* [REQUIREMENT]: From the listing below, copy only the lines from the line that contains "Each of these" to the line that contains "日本ZEBRA斑马JJ29三", counting those two lines as part of the copy.

* [THE DATA]:

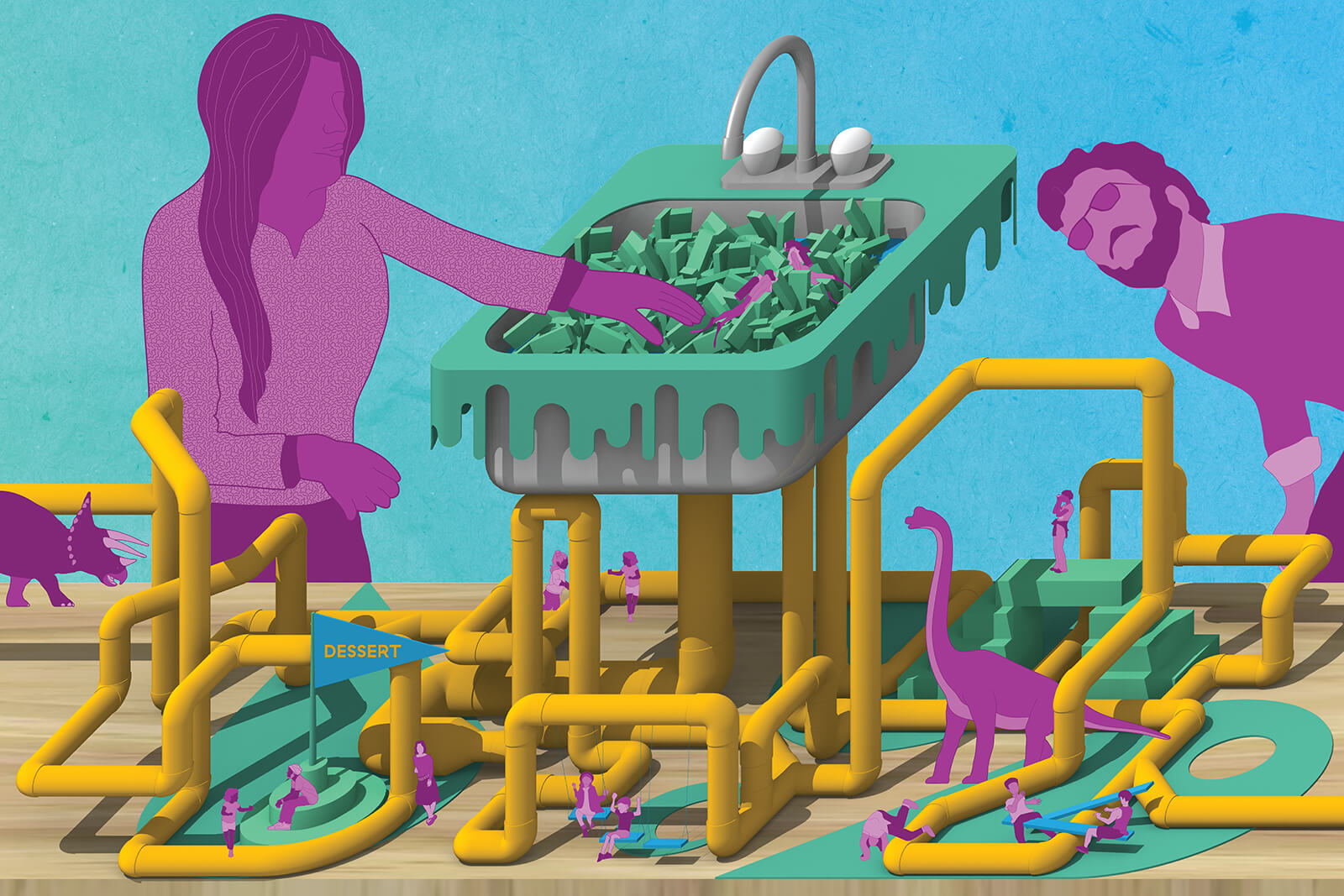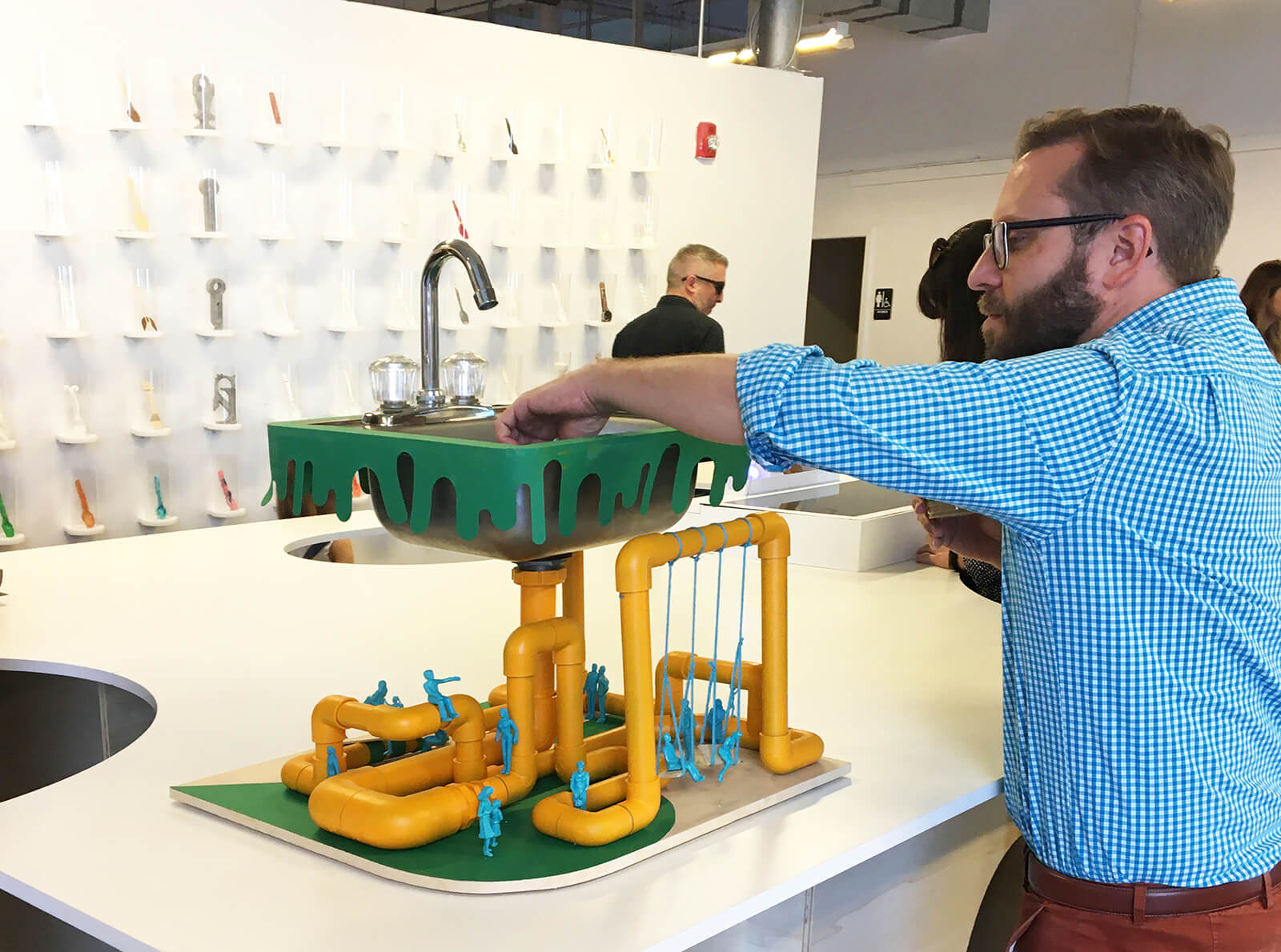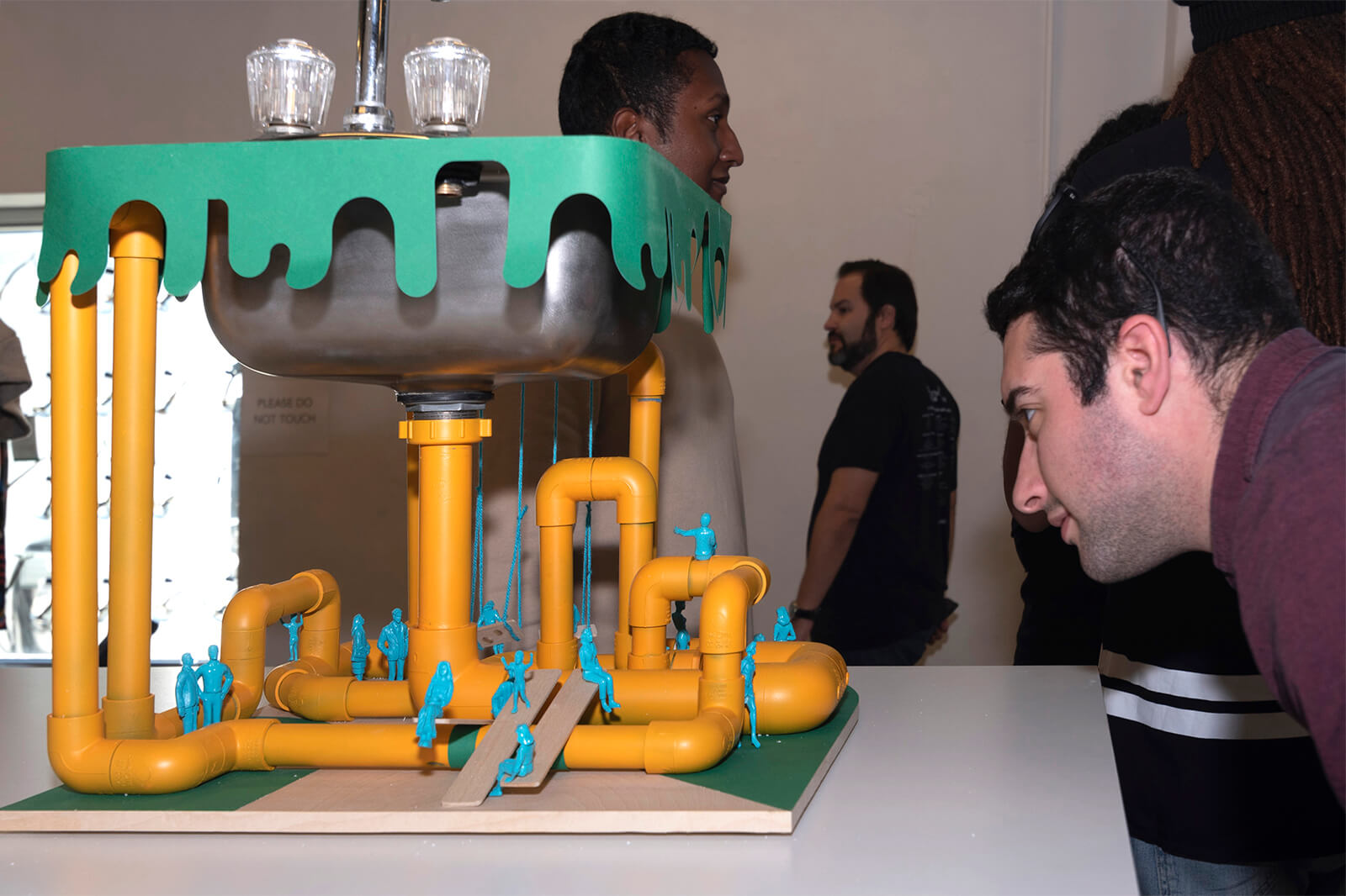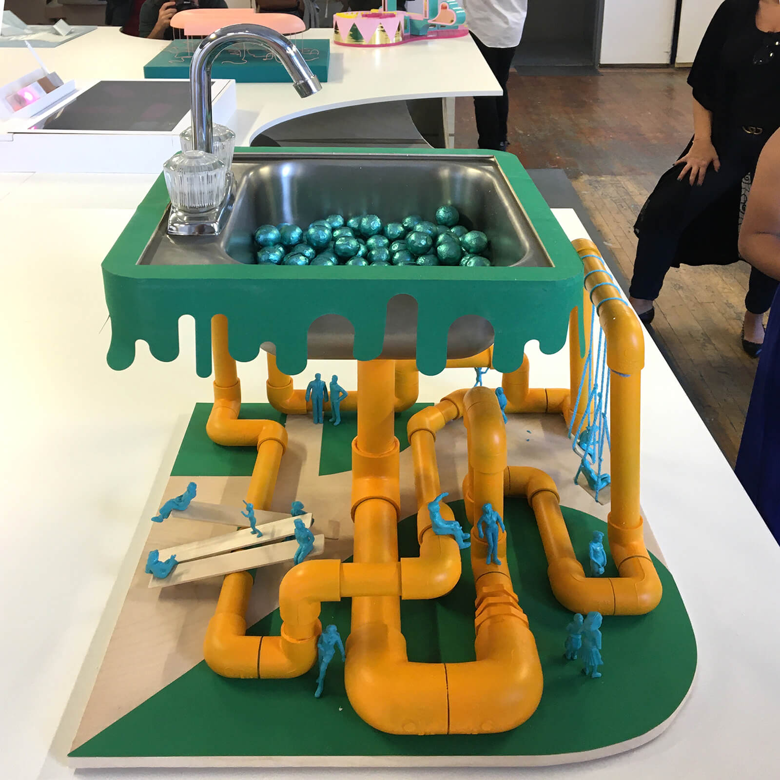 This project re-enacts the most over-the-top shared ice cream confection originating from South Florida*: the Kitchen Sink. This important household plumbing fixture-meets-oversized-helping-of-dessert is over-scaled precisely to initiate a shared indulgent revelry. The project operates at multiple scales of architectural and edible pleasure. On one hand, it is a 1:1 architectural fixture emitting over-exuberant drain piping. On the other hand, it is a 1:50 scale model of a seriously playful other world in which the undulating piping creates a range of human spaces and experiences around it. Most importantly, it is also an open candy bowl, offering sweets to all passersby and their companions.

---

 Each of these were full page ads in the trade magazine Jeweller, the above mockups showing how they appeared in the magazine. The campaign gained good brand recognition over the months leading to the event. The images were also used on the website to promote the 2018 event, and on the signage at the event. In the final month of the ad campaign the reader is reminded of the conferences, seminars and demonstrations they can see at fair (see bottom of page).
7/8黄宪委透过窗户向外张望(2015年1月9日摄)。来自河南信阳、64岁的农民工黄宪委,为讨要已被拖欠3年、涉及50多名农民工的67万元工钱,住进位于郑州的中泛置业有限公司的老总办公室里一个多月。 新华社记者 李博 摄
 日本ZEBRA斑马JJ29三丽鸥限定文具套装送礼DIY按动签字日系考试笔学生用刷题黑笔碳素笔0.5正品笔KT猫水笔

* [RESULT]:
 Each of these were full page ads in the trade magazine Jeweller, the above mockups showing how they appeared in the magazine. The campaign gained good brand recognition over the months leading to the event. The images were also used on the website to promote the 2018 event, and on the signage at the event. In the final month of the ad campaign the reader is reminded of the conferences, seminars and demonstrations they can see at fair (see bottom of page).
7/8黄宪委透过窗户向外张望(2015年1月9日摄)。来自河南信阳、64岁的农民工黄宪委,为讨要已被拖欠3年、涉及50多名农民工的67万元工钱,住进位于郑州的中泛置业有限公司的老总办公室里一个多月。 新华社记者 李博 摄
 日本ZEBRA斑马JJ29三丽鸥限定文具套装送礼DIY按动签字日系考试笔学生用刷题黑笔碳素笔0.5正品笔KT猫水笔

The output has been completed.